Records from a data source
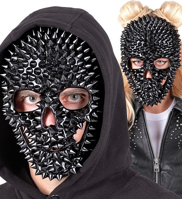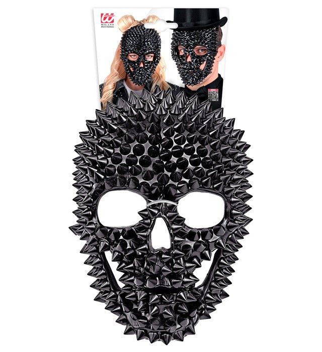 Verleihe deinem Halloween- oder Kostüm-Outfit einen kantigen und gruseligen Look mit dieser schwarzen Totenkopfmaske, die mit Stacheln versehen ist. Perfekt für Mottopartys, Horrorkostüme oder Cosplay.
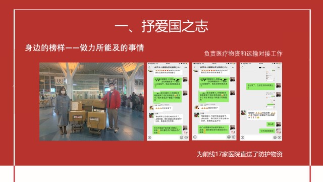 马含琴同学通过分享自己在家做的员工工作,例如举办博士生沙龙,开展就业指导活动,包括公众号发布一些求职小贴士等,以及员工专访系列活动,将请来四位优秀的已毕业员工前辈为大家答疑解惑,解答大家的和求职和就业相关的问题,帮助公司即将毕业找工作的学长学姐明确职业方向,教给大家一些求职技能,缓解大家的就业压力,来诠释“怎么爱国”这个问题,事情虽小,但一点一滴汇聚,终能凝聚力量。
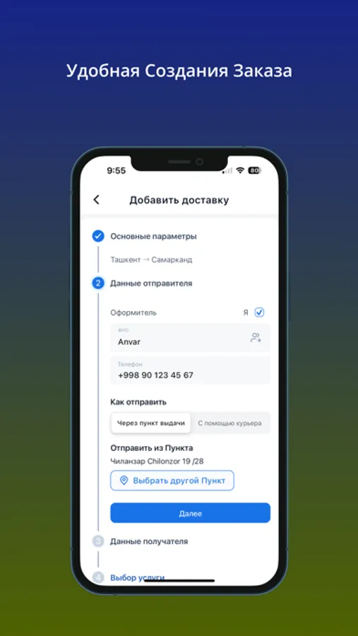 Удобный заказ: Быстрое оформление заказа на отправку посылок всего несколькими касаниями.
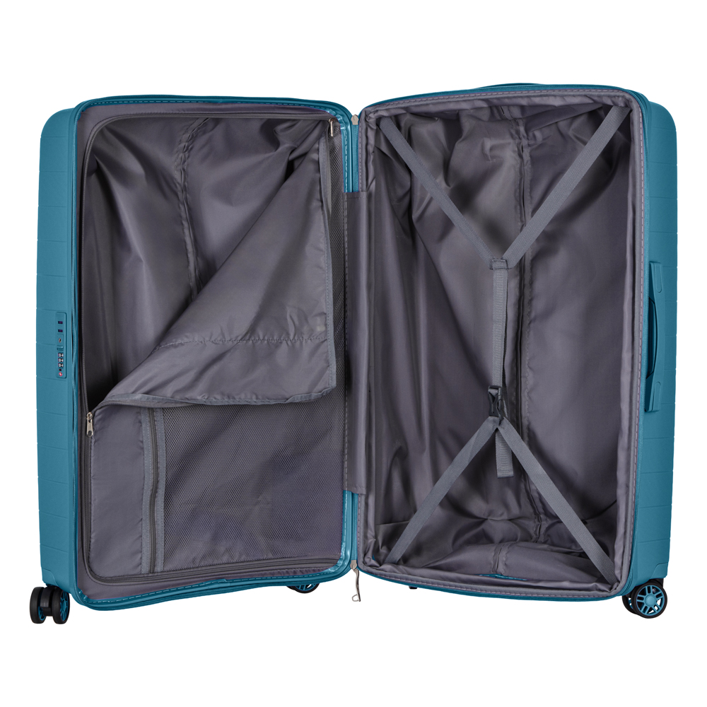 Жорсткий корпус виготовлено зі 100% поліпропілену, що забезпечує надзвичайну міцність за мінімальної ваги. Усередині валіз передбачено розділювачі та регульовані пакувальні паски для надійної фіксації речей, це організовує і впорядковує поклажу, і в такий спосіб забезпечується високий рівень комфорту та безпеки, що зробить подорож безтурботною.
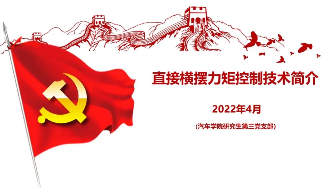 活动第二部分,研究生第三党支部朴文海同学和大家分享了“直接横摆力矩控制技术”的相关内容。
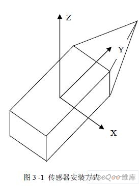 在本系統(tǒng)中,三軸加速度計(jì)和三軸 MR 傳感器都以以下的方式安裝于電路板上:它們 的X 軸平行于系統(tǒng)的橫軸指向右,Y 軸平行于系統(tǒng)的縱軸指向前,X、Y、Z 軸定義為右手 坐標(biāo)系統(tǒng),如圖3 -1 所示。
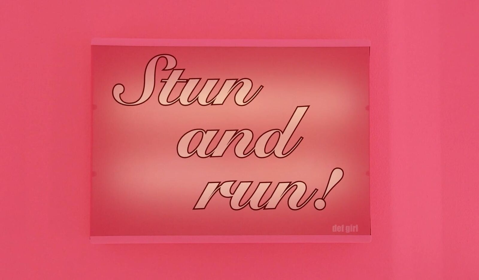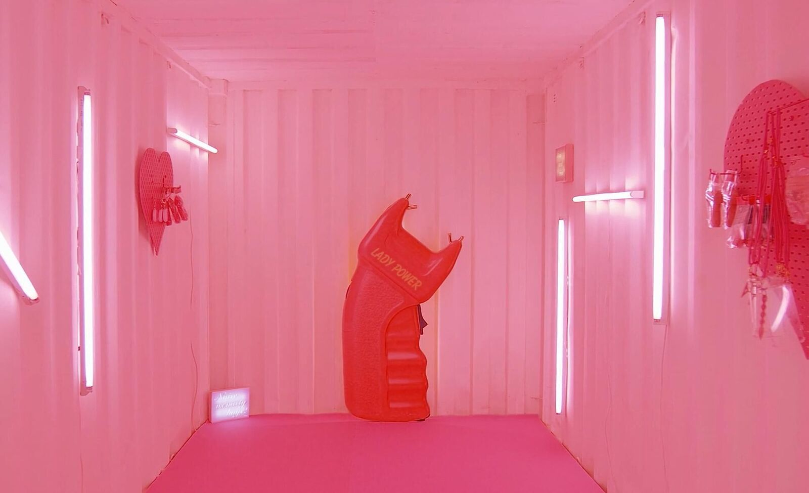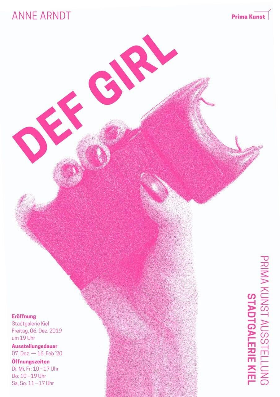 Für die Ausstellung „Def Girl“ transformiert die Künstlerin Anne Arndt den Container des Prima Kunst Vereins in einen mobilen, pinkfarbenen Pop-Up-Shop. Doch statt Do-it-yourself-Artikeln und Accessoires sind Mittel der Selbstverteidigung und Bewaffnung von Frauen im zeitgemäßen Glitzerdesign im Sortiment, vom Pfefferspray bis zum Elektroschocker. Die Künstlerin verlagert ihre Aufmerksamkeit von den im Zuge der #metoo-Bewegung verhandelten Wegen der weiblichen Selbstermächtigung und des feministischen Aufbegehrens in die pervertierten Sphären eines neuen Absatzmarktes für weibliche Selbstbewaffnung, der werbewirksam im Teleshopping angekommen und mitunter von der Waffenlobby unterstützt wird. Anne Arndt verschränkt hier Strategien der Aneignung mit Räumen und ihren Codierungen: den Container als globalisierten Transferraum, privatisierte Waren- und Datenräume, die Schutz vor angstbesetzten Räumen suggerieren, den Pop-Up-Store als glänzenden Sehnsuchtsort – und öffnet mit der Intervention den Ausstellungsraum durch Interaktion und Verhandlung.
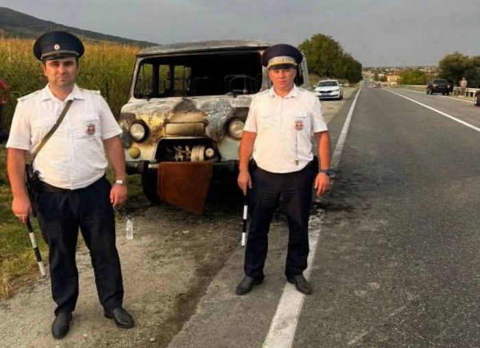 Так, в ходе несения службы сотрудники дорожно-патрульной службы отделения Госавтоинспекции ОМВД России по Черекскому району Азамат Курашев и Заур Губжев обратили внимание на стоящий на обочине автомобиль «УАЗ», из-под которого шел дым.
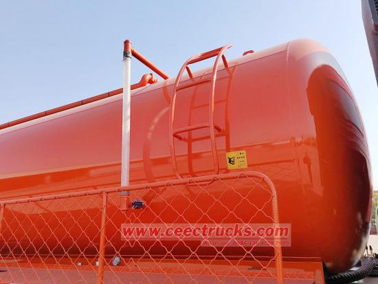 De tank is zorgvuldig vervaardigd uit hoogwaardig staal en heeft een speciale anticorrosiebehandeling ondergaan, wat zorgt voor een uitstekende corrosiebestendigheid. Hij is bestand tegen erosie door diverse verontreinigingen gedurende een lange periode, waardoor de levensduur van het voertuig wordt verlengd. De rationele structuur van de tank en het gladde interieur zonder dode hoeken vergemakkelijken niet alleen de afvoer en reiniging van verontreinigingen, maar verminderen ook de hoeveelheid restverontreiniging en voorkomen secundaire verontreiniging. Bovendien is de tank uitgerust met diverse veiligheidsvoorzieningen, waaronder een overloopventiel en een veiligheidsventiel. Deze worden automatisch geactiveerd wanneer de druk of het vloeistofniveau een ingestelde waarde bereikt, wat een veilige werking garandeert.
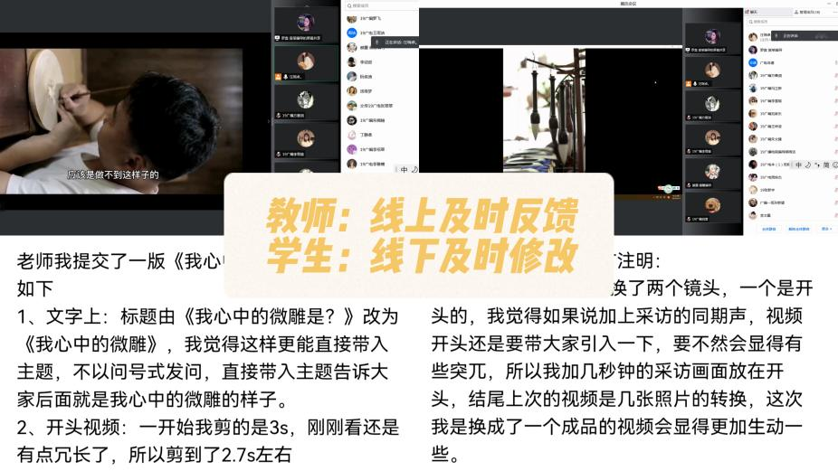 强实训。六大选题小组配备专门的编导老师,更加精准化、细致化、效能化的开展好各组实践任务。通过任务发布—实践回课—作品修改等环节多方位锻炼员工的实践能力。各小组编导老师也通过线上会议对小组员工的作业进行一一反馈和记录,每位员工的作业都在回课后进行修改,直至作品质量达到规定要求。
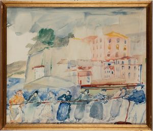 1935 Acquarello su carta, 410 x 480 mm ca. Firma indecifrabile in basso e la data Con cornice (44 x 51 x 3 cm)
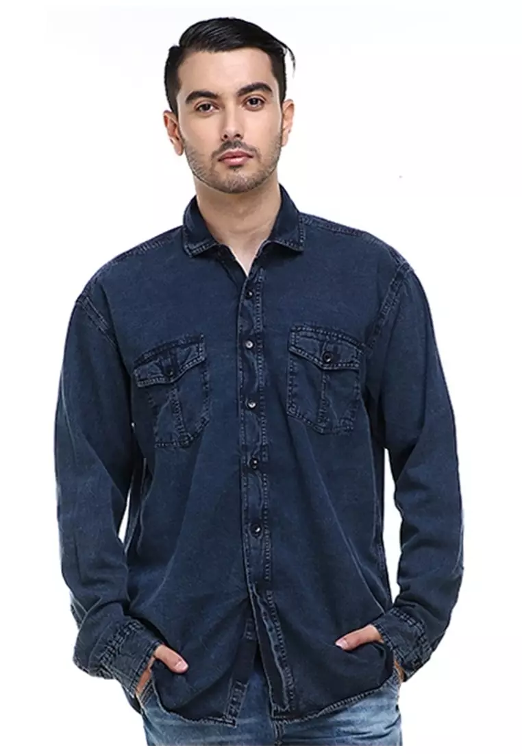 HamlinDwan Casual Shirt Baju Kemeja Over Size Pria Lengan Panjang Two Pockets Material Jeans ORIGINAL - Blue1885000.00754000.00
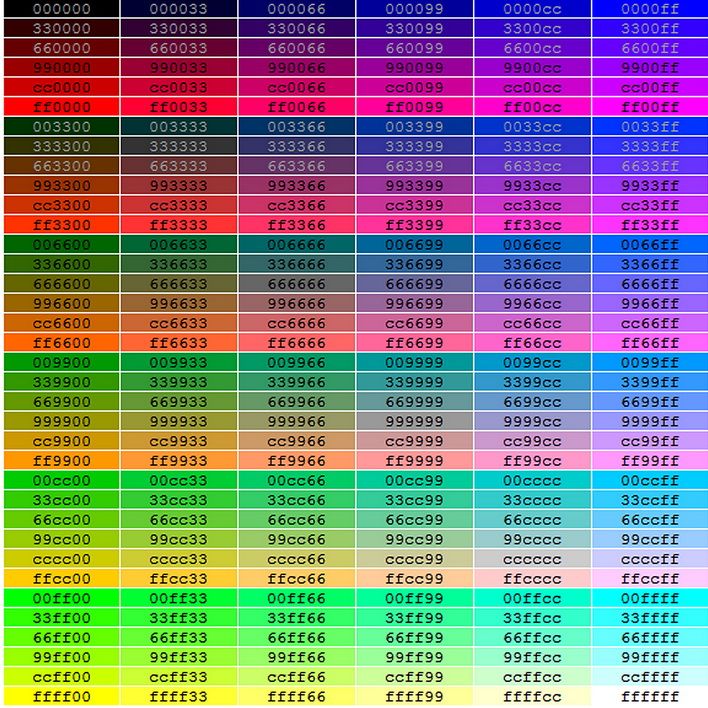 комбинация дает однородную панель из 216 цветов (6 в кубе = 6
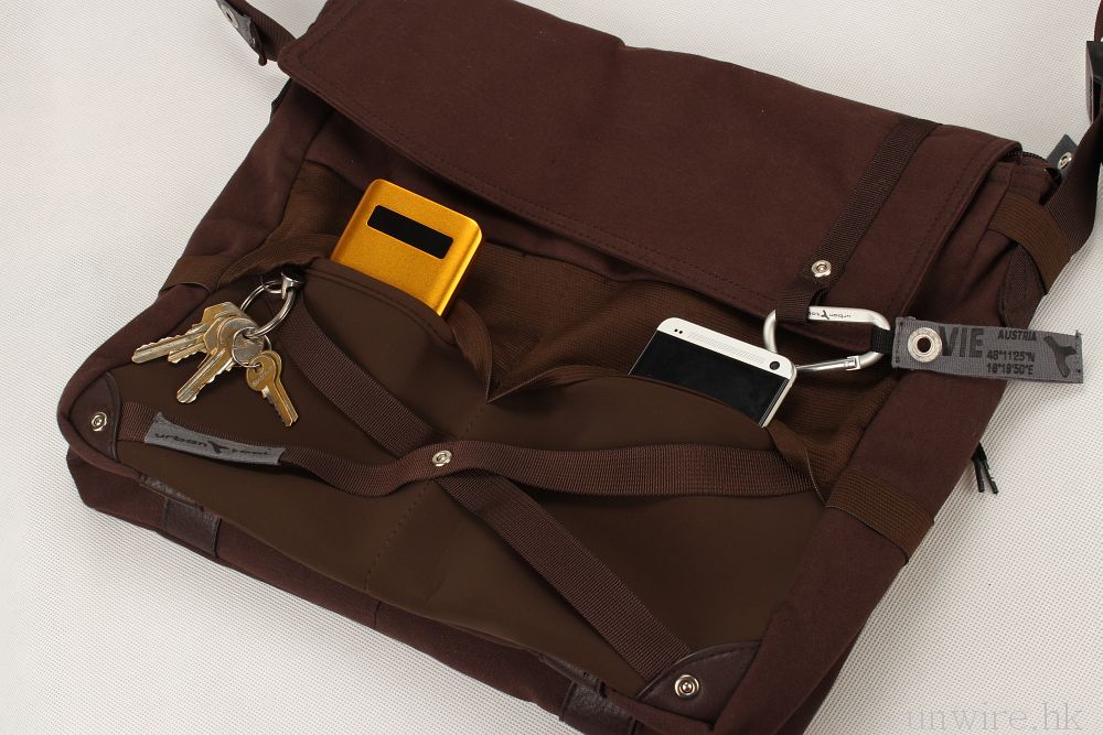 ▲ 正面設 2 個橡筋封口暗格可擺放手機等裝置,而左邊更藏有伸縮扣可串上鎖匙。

§ **Exercise prompt**
Give the data again word for word, without images.

§ **Output of the task**
 Verleihe deinem Halloween- oder Kostüm-Outfit einen kantigen und gruseligen Look mit dieser schwarzen Totenkopfmaske, die mit Stacheln versehen ist. Perfekt für Mottopartys, Horrorkostüme oder Cosplay.
 马含琴同学通过分享自己在家做的员工工作,例如举办博士生沙龙,开展就业指导活动,包括公众号发布一些求职小贴士等,以及员工专访系列活动,将请来四位优秀的已毕业员工前辈为大家答疑解惑,解答大家的和求职和就业相关的问题,帮助公司即将毕业找工作的学长学姐明确职业方向,教给大家一些求职技能,缓解大家的就业压力,来诠释“怎么爱国”这个问题,事情虽小,但一点一滴汇聚,终能凝聚力量。
 Удобный заказ: Быстрое оформление заказа на отправку посылок всего несколькими касаниями.
 Жорсткий корпус виготовлено зі 100% поліпропілену, що забезпечує надзвичайну міцність за мінімальної ваги. Усередині валіз передбачено розділювачі та регульовані пакувальні паски для надійної фіксації речей, це організовує і впорядковує поклажу, і в такий спосіб забезпечується високий рівень комфорту та безпеки, що зробить подорож безтурботною.
 活动第二部分,研究生第三党支部朴文海同学和大家分享了“直接横摆力矩控制技术”的相关内容。
 在本系統(tǒng)中,三軸加速度計(jì)和三軸 MR 傳感器都以以下的方式安裝于電路板上:它們 的X 軸平行于系統(tǒng)的橫軸指向右,Y 軸平行于系統(tǒng)的縱軸指向前,X、Y、Z 軸定義為右手 坐標(biāo)系統(tǒng),如圖3 -1 所示。
 Für die Ausstellung „Def Girl“ transformiert die Künstlerin Anne Arndt den Container des Prima Kunst Vereins in einen mobilen, pinkfarbenen Pop-Up-Shop. Doch statt Do-it-yourself-Artikeln und Accessoires sind Mittel der Selbstverteidigung und Bewaffnung von Frauen im zeitgemäßen Glitzerdesign im Sortiment, vom Pfefferspray bis zum Elektroschocker. Die Künstlerin verlagert ihre Aufmerksamkeit von den im Zuge der #metoo-Bewegung verhandelten Wegen der weiblichen Selbstermächtigung und des feministischen Aufbegehrens in die pervertierten Sphären eines neuen Absatzmarktes für weibliche Selbstbewaffnung, der werbewirksam im Teleshopping angekommen und mitunter von der Waffenlobby unterstützt wird. Anne Arndt verschränkt hier Strategien der Aneignung mit Räumen und ihren Codierungen: den Container als globalisierten Transferraum, privatisierte Waren- und Datenräume, die Schutz vor angstbesetzten Räumen suggerieren, den Pop-Up-Store als glänzenden Sehnsuchtsort – und öffnet mit der Intervention den Ausstellungsraum durch Interaktion und Verhandlung.
 Так, в ходе несения службы сотрудники дорожно-патрульной службы отделения Госавтоинспекции ОМВД России по Черекскому району Азамат Курашев и Заур Губжев обратили внимание на стоящий на обочине автомобиль «УАЗ», из-под которого шел дым.
 De tank is zorgvuldig vervaardigd uit hoogwaardig staal en heeft een speciale anticorrosiebehandeling ondergaan, wat zorgt voor een uitstekende corrosiebestendigheid. Hij is bestand tegen erosie door diverse verontreinigingen gedurende een lange periode, waardoor de levensduur van het voertuig wordt verlengd. De rationele structuur van de tank en het gladde interieur zonder dode hoeken vergemakkelijken niet alleen de afvoer en reiniging van verontreinigingen, maar verminderen ook de hoeveelheid restverontreiniging en voorkomen secundaire verontreiniging. Bovendien is de tank uitgerust met diverse veiligheidsvoorzieningen, waaronder een overloopventiel en een veiligheidsventiel. Deze worden automatisch geactiveerd wanneer de druk of het vloeistofniveau een ingestelde waarde bereikt, wat een veilige werking garandeert.
 强实训。六大选题小组配备专门的编导老师,更加精准化、细致化、效能化的开展好各组实践任务。通过任务发布—实践回课—作品修改等环节多方位锻炼员工的实践能力。各小组编导老师也通过线上会议对小组员工的作业进行一一反馈和记录,每位员工的作业都在回课后进行修改,直至作品质量达到规定要求。
 1935 Acquarello su carta, 410 x 480 mm ca. Firma indecifrabile in basso e la data Con cornice (44 x 51 x 3 cm)
 HamlinDwan Casual Shirt Baju Kemeja Over Size Pria Lengan Panjang Two Pockets Material Jeans ORIGINAL - Blue1885000.00754000.00
 комбинация дает однородную панель из 216 цветов (6 в кубе = 6
 ▲ 正面設 2 個橡筋封口暗格可擺放手機等裝置,而左邊更藏有伸縮扣可串上鎖匙。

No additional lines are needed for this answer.